IMDB Scraper¶
Scrape user reviews and ratings from IMDB for movies, TV shows, and episodes.
Quick Start¶
from sentimatrix import Sentimatrix
async with Sentimatrix() as sm:
reviews = await sm.scrape_reviews(
"https://www.imdb.com/title/tt0111161/", # Shawshank Redemption
platform="imdb",
max_reviews=100
)
for review in reviews:
print(f"Rating: {review.rating}/10")
print(f"Title: {review.title}")
print(f"Review: {review.text[:200]}...")
Configuration¶
reviews = await sm.scrape_reviews(
url="https://imdb.com/title/tt.../",
platform="imdb",
max_reviews=200, # Max reviews
sort_by="helpfulness", # "helpfulness", "date", "rating"

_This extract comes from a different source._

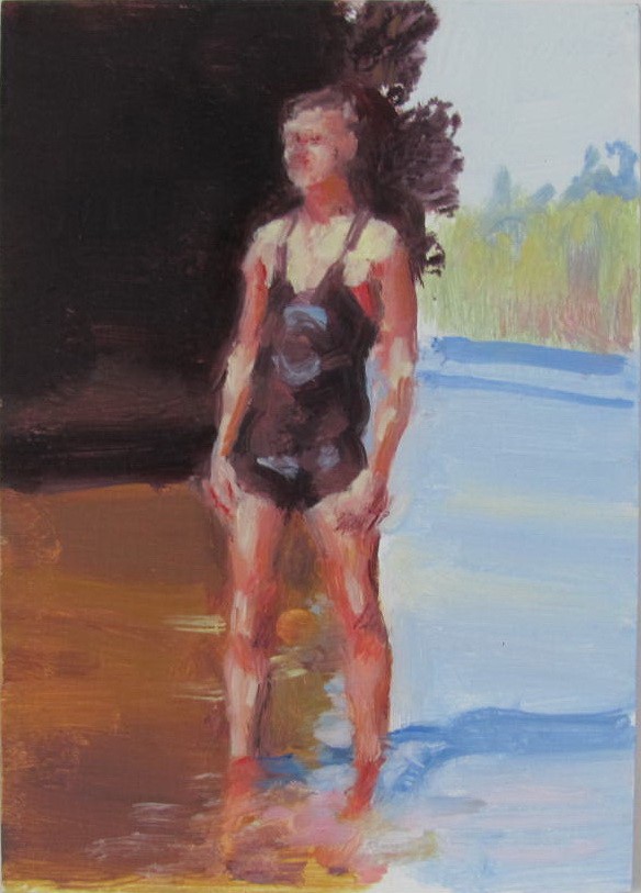 “Wading in the Lake” is divided in half by dark foliage on the left, it’s dark amber reflection in the lake, and the area still catching the light on the right. The figure is centered, his swimsuit, the same color as the trees, melds into the background. We see him solely by the light reflected on his skin. The opaque dark side is contrasted beautifully by semitransparent, pastel blue water and mint and pink vegetation on the right, that pale palette transcribing distance. A bit of this blue comes through on his swimsuit, and touches of yellow and gold dot the shadows of the water. There is an eloquent feeling of quiet and contemplation in this remarkable space of only 7 x 5 inches.

filter_rating=None, # Filter by star rating (1-10)
)
Supported URL Formats¶
# Movie/TV show page
"https://www.imdb.com/title/tt0111161/"
# Reviews page
"https://www.imdb.com/title/tt0111161/reviews"
# Just IMDB ID
"tt0111161"
Review Object¶
@dataclass
class Review:
text: str # Review content
title: str # Review title
author: str # Reviewer username
rating: int # 1-10 stars
posted_date: datetime # Review date
helpful_count: int # Helpful votes
platform: str = "imdb"
metadata: dict # Extra data
Metadata Fields¶
review.metadata = {
"imdb_id": "tt0111161",
"movie_title": "The Shawshank Redemption",
"movie_year": 1994,
"review_id": "rw1234567",
"spoiler_warning": False,
"total_votes": 150
}
Example: Movie Sentiment Analysis¶
async with Sentimatrix(config) as sm:
# Scrape reviews
reviews = await sm.scrape_reviews(
"tt0111161", # Shawshank Redemption
platform="imdb",
max_reviews=500
)
# Analyze sentiment
results = await sm.analyze_batch([r.text for r in reviews])
# Correlate with ratings
for review, result in zip(reviews, results):
print(f"Rating: {review.rating}/10, Sentiment: {result.sentiment}")
# Generate summary
summary = await sm.summarize_reviews(reviews)
print(summary)
Rate Limits¶
| Method | Rate Limit |
|---|---|
| Default | 15 req/min |
| With Proxy | Higher |